Web Design Trends in 2021

Marija Andrejska
Codeart
Published in
10 min readFeb 8, 2021

Web design is continuously changing and getting creative. Technologies are endless, and we are seeing that designers are parallel with technologies.

There’s a lot to look forward to in 2021. From a greater focus on inclusive design to more immersive experiences, these trends will map out the future for web design in 2021 and beyond.

We hope this list not only inspires you but makes you approach the web in a more inclusive and accessible way.

  1. 3D everything, 3D everywhere
  2. Scrolling transformations
  3. Collage & Mixing Mediums
  4. Three-dimensional colors
  5. Glassmorphism
  6. Augmented reality (AR)

Honorary mention: Web design for causes

3D everything, 3D everywhere

3D design elements have fascinated both designers and users for many years now. The popularity of this trend is going to increase in 2021 as VR and AR technologies gain momentum. It becomes a perfect idea to combine these techniques to create hyper-realistic 3D visuals taking up the whole users’ screen.

Paper Planes

The trend allows UI and UX designers and entrepreneurs to prettify their websites. This way, they encourage potential customers to stay longer and increase the average session time. Such visuals attract users as they transcend the boundaries between the virtual space and real life.

With the advent of higher resolution screens, 3D design has come a long way from the blocky and beveled edges of Geocities. We’ve been seeing high-quality 3D visuals weaved seamlessly into web designs. Instead of being garish distractions, they’re adding to the overall user experience.

Types of 3D web designs that will become an inevitable part of web design

  • Static 3D Graphics: With realistic smooth shapes and attractive colors, designers will use static 3D models while keeping all other design elements minimalist to provide the overall website design a clean, modern, and balanced look.
  • Interactive 3D Effects: The healthcare and gaming industries are already benefiting a lot from interactive 3D technology. This year interactive 3D effects will see a huge utilization in various other industries for branding especially retail and merchandising, e-commerce, real estate, manufacturing, marketing and advertising, publishing, and entertainment to transform consumer experiences.

Scrolling transformations

Previously regarded as a web design faux-pas, horizontal scroll is having a comeback.

We’re seeing more web designers continuing to experiment with horizontal scroll. Those who do it best break the pattern not for the sake of being different but as a practical way to disclose secondary information progressively, like in an image gallery.

Okalpha

Designers employing horizontal scroll successfully in 2021 will keep in mind these considerations:

  • Don’t force users to navigate through horizontal content: allow alternate ways to navigate, like arrow buttons with clear labels
  • Use clear visual cues to indicate where content uses horizontal scroll, and don’t hide these cues behind hovers
  • Be thoughtful about what content would benefit from being displayed in a horizontal scroll — a photo gallery is a good contender as horizontal scroll would show users a small preview, and allow them the option to view more or keep moving down the page
  • Avoid requiring horizontal scroll for text that needs to be read

When users scroll, they are doing more than navigating the page: they’re interacting. The physical actions they perform in real life — flicking their fingers over the mouse — cause a response on the screen. Interaction is a form of participation, and when users are involved in things that are happening, they are more likely to be interested and engaged.

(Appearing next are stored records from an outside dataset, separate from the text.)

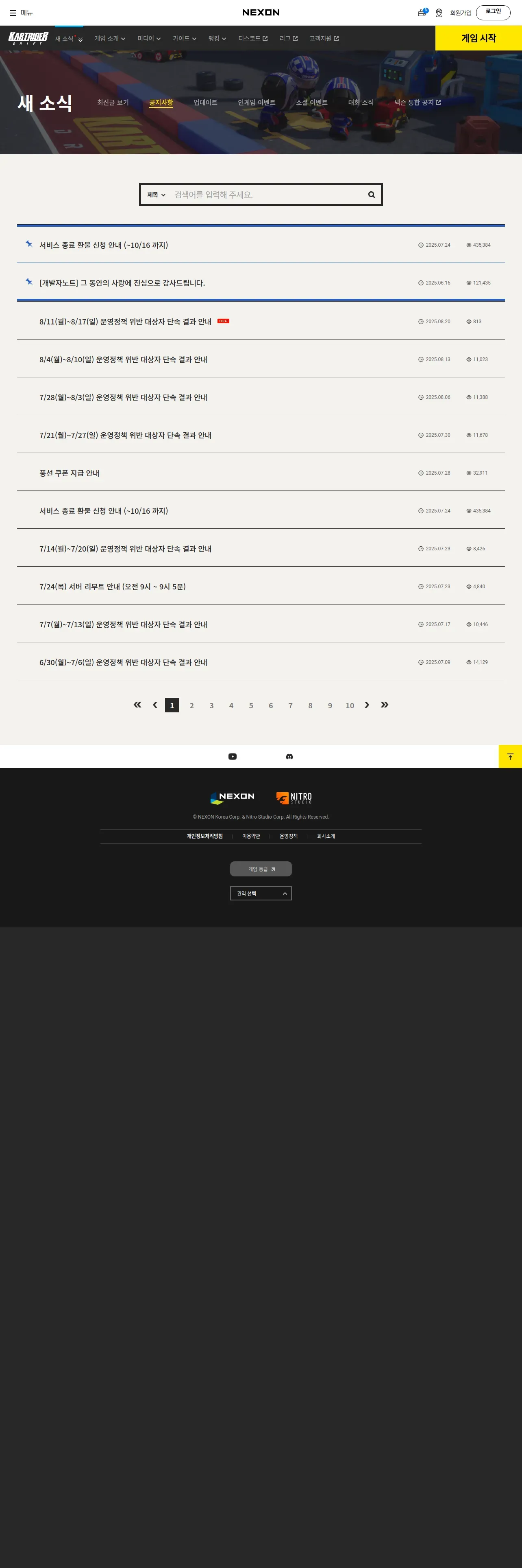 取得元URL: https://kartdrift.nexon.com:443/kartdrift/ko/news/announcement/list
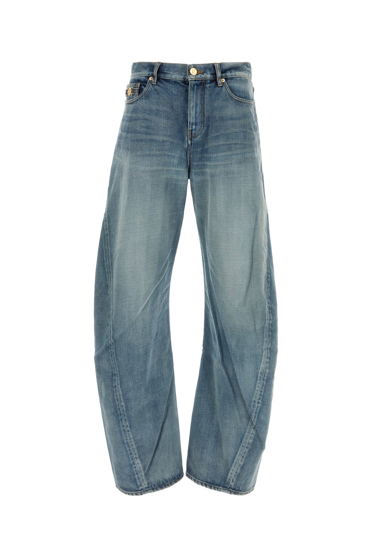 Twisted jeans realized in stonewashed pure cotton denim enriched by metal Medusa Biggie detail at the front. - Belt loops at the waist - Concealed zip and a single visible button closure - Five classic pockets - Leather Versace Logo Made in Japan label at the back DETAILS Denim jeans Exterior: 100% Cotton Made in japan Sample size: 31
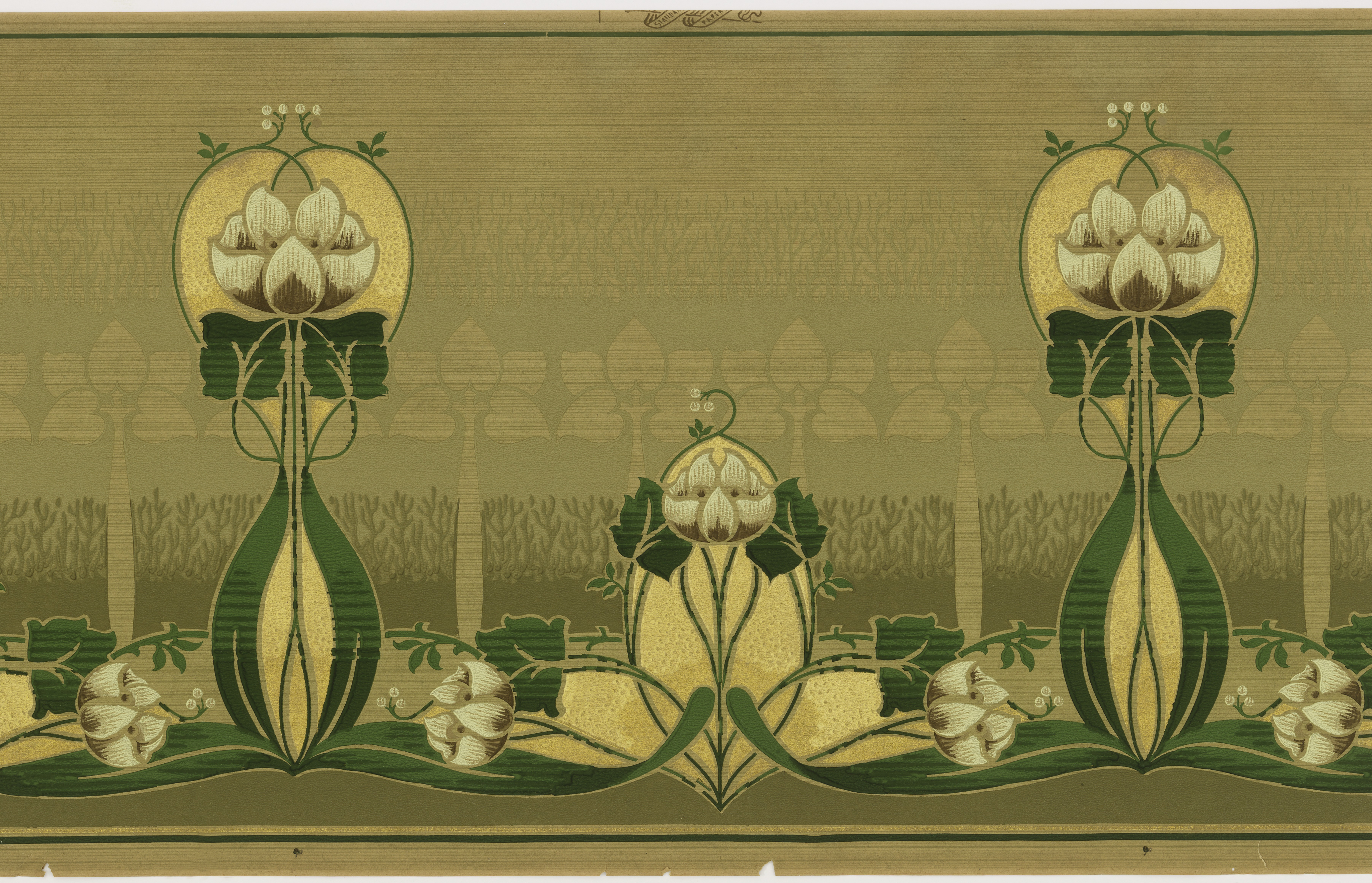 This is a frieze. It was manufactured by Standard Wall-Paper Company. It is dated 1905–1915 and we acquired it in 1979. Its medium is machine-printed paper. It is a part of the Wallcoverings department.
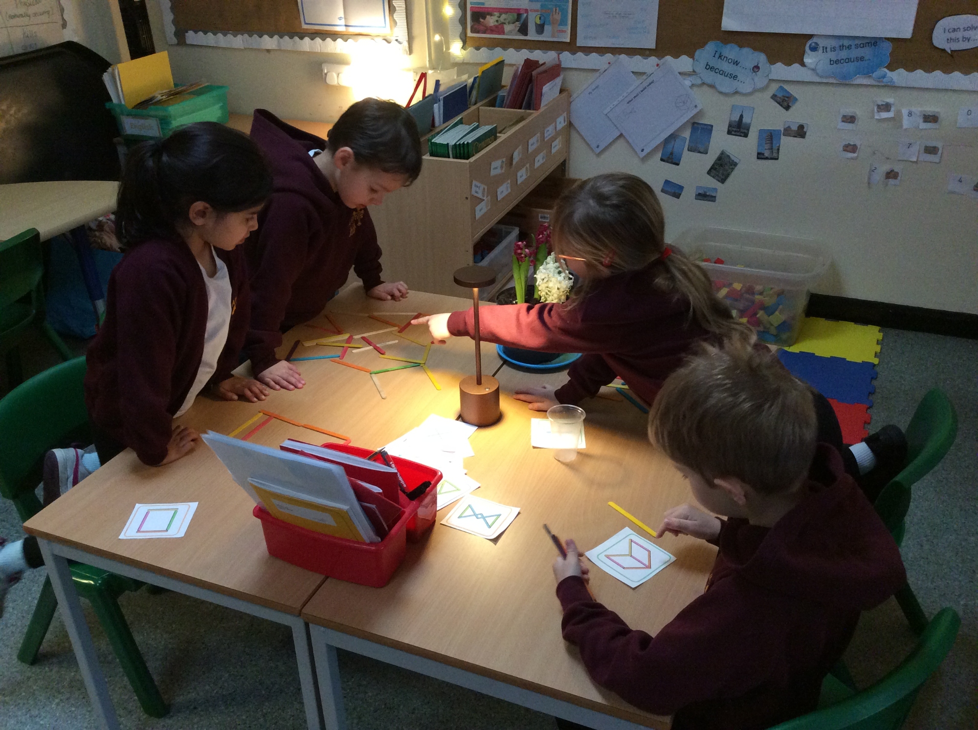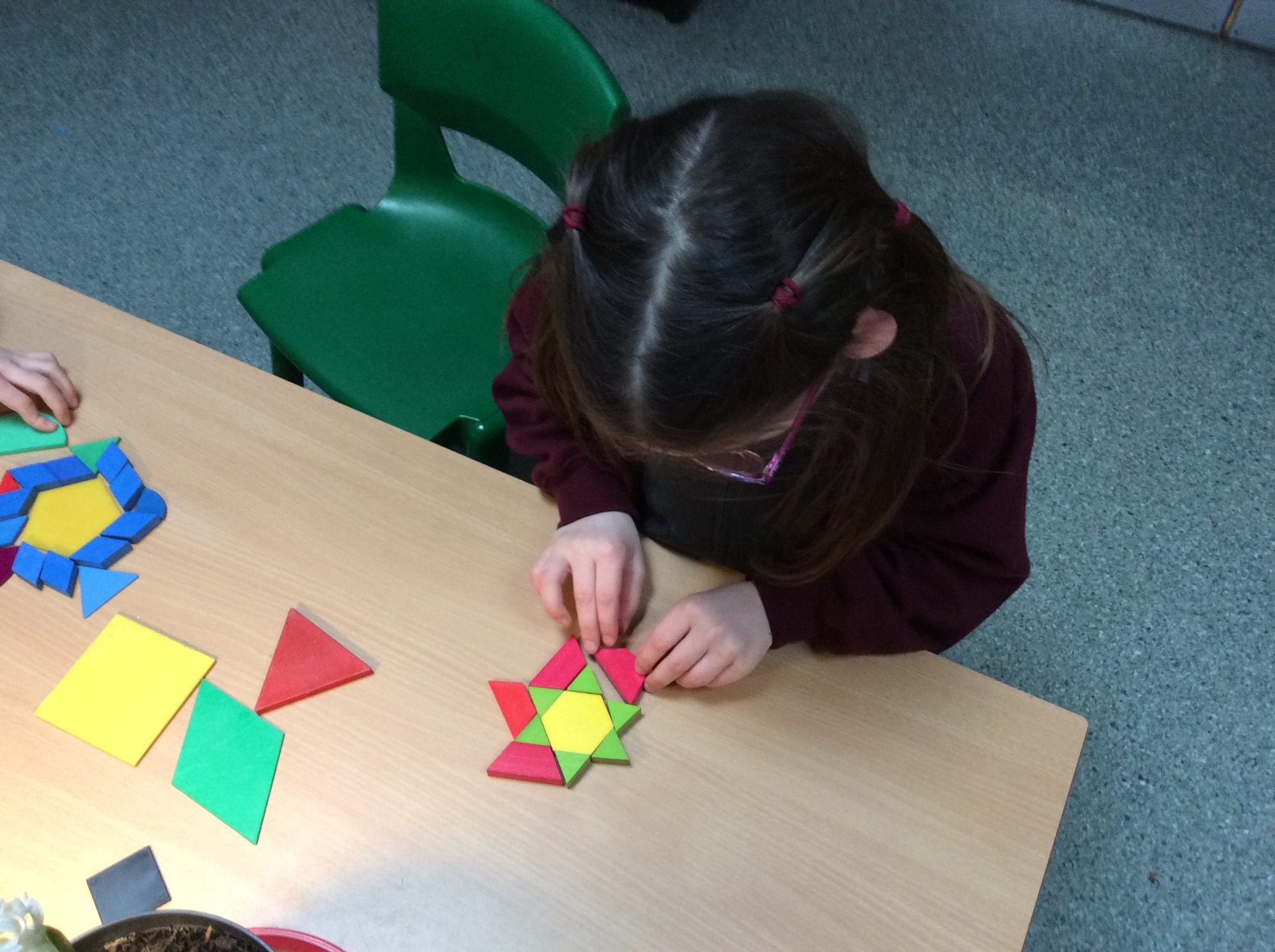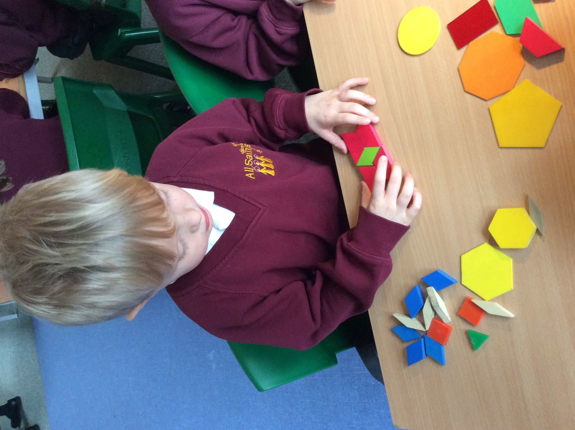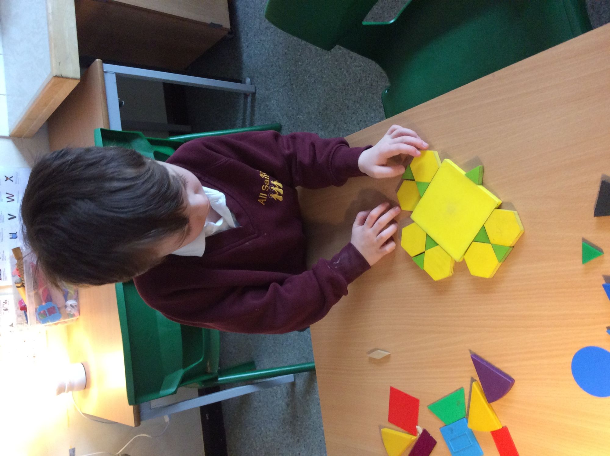 This week we have been looking at different types of patterns and shapes. The children have made repeating patterns, learnt about a unit of pattern and then developed further to create their own radiating pattern.
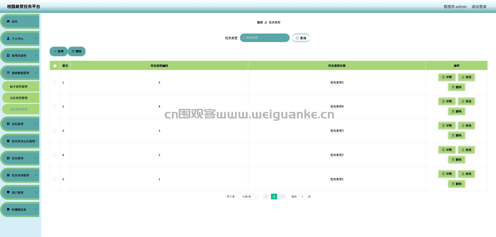 公告类型管理:可以添加、修改、删除任务资讯公告的类型
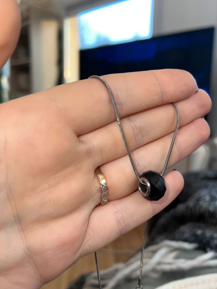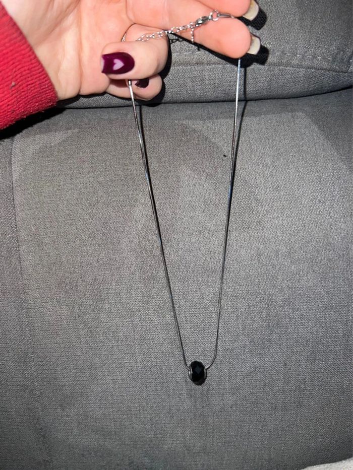 Collier chaîne fine avec Perles en verre noir à facettes en pendentif Acheté à la bijouterie
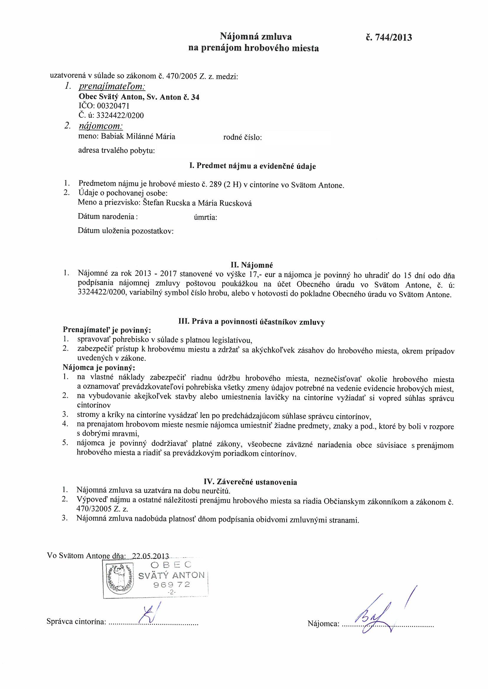 744/2013, Babiak Milánné Mária, Prenájom hrobového miesta |

Scrolling is one of the most subtle forms of interaction, and as such, 2021’s web designers are ramping up the visual feedback users get when they scroll. This can range from full-color scheme changes to complex animated transitions to wholesale shifts in the layout. All in all, web designers are taking the time to make each scroll feel like a new page — sometimes even a new website.

However, if you want to implement this type of scroll to your website, be careful — it is not always completely UX friendly. Try to find the best way to make this trend work for you. It can be a very practical way to show secondary information, but let your users be able to find all crucial info through buttons, arrows. We certainly encourage you to try out this trend since it can make a strong impact on your user experience, but try to avoid horizontal scroll for a text that is important to read.

Collage & Mixing Mediums

Nostalgia is not new to web design. After a long reign of the flat aesthetic, we’re now in search of new and contemporary ways of adding depth to our online experiences. Websites and apps will simulate leafing through the pages of a book or magazine, creating a more material, print-like experience. The popularity of vinyl albums is proof that people want to experience something that isn’t just a bunch of zeros and ones.

https://www.urbanoutfitters.com

Layouts that get their inspiration from print fulfill people’s desire to connect with something in the real world. Magazine style layouts and other elements of traditional graphic design provide a link to the tactile experience of print on paper.

The concept of a collage in the arts industry originates back to 1914, primarily in France — during a time where cubism, an early-20th-century art movement, was widely popular. Collage art concept frequent numerous media-types, such as newspaper, magazine, posters, yet are rare to come by in digital media.

Collage art creations have recently made their comeback through social media. A go-to format for Stories and news feed content, collages have also made their way into the field of web design. A website’s collage will most often embody a full-width visual, a precise cut-out of an image (usually a photograph) — all integrated with a mix of solid color graphics and patterned illustrations.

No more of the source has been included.